I'm still a mess of stress. I thought I was over it but nope, not, still frazzing. A neutral-intentioned comment from a co-worker yesterday sent me in a tizzy of self-righteous "she done me wrong" that's all straightened out today but whooaaah. For the first time in ages I DID NOT SLEEP AT NIGHT. Me, the one famous for 3-2-1-unconscious whenever I want to. I listened to my husband breathing for a few hours and did the pillow/blanket/flip-flop/shuffle until sometime past 2 in the morning. Ug.
Today was another matter. Things smoothed down considerably. It was Take Our Kids to Work Day, so Fi and her friend Kira came to work with me. I had some pretty boring moments, and a private hour with my Artists' Way group, so they spent some time working with an awesome preschool instructor and toured the Burnaby Art Gallery without me at the lunch hour. They sat through a Ministry of Children and Family Development presentation on child abuse prevention in my afternoon staff meeting, which made me feel proud. Then we started up a soccer program before I had to drop Fi to her rehearsal and take Kira home. After that I thought I was home free, but I got called back in to work for a minor emergency that didn't last long and was nicely resolved. Still, I know I am teetering.

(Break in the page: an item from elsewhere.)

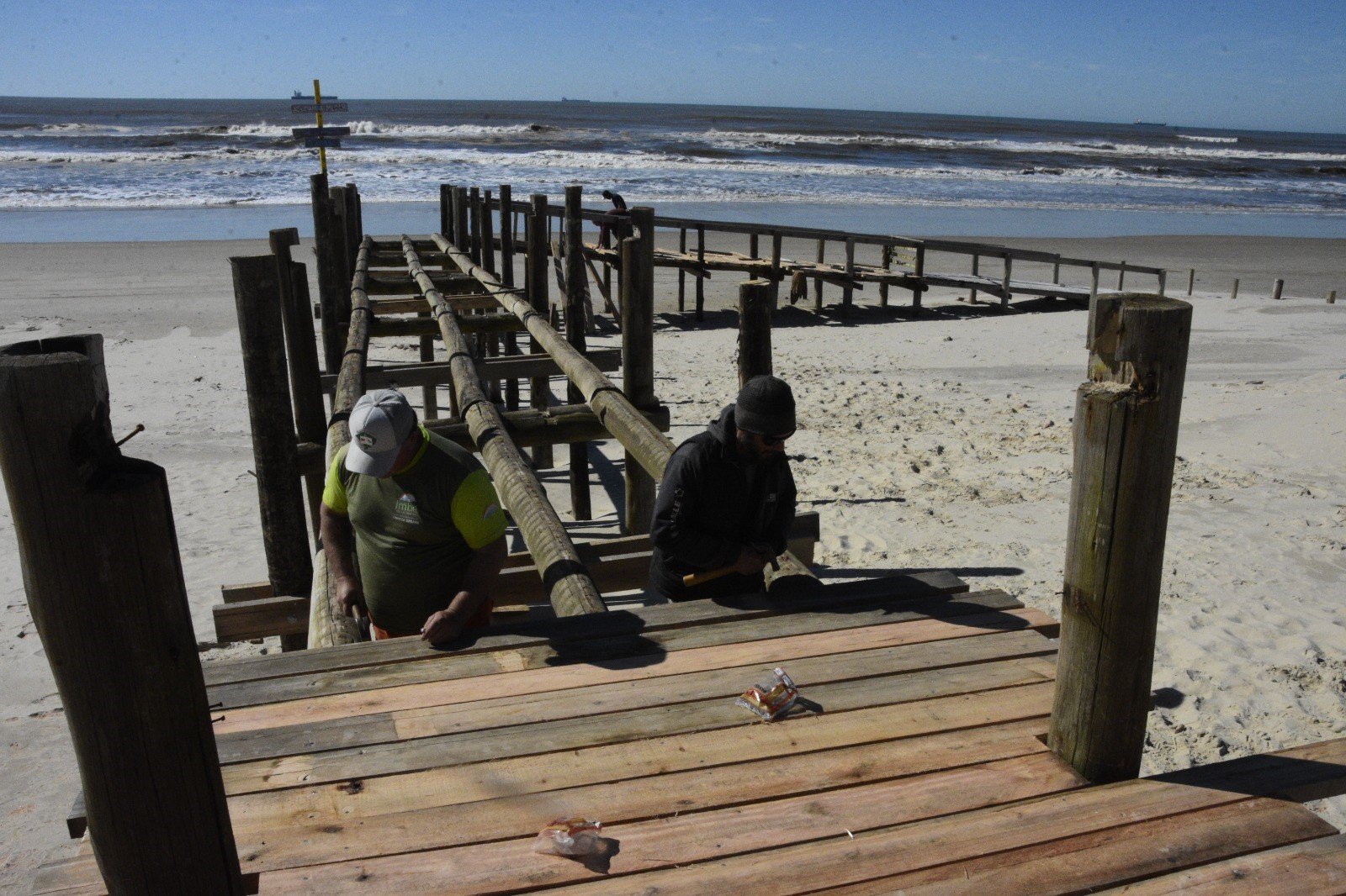 A Secretaria Municipal de Obras e Viação de Imbé iniciou a recuperação das passarelas de acesso à praia no Centro da cidade. As estruturas, utilizadas diariamente por moradores, veranistas e turistas, vinham sendo afetadas pelo desgaste natural e pelo acúmulo de areia trazido pelos ventos.
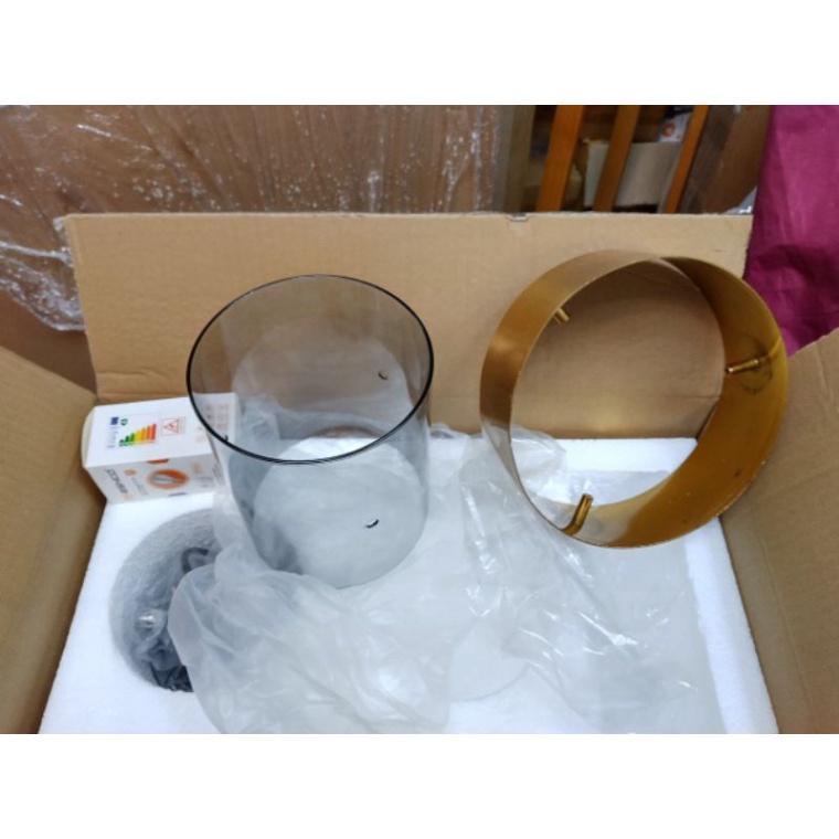 Mô tả sản phẩm Chất liệu: Đế bằng inox mạ vàng,chao là thủy tinh trong màu khói, viền kim tông màu vàng Đui e 27. Số lượng: 01 cái

I don't like to feel like I am not on top of my work.
I don't like to feel like I am doing less than a great job.
I don't like to miss deadlines.
I don't like that impatient and bitchy feeling I get when I start resenting someone calling or just sticking their head in my office door. That's not why I signed up for this.
I remind myself that there will always be times when I will feel overwhelmed. The time will pass, the feeling will fade. I'll be back on top of the horse.
Meantime, self-care: cancel what I can, do things I like to do, eat/sleep/love healthy and strong, get some exercise, be with people who nourish my soul, pray daily and go to church on Sunday. There it is.
All will be right, but right now, don't tip me - I splash sad/mad/illogic-globs. Watch out.
question: do you ever feel like not your best self? What do you do to recover your centre?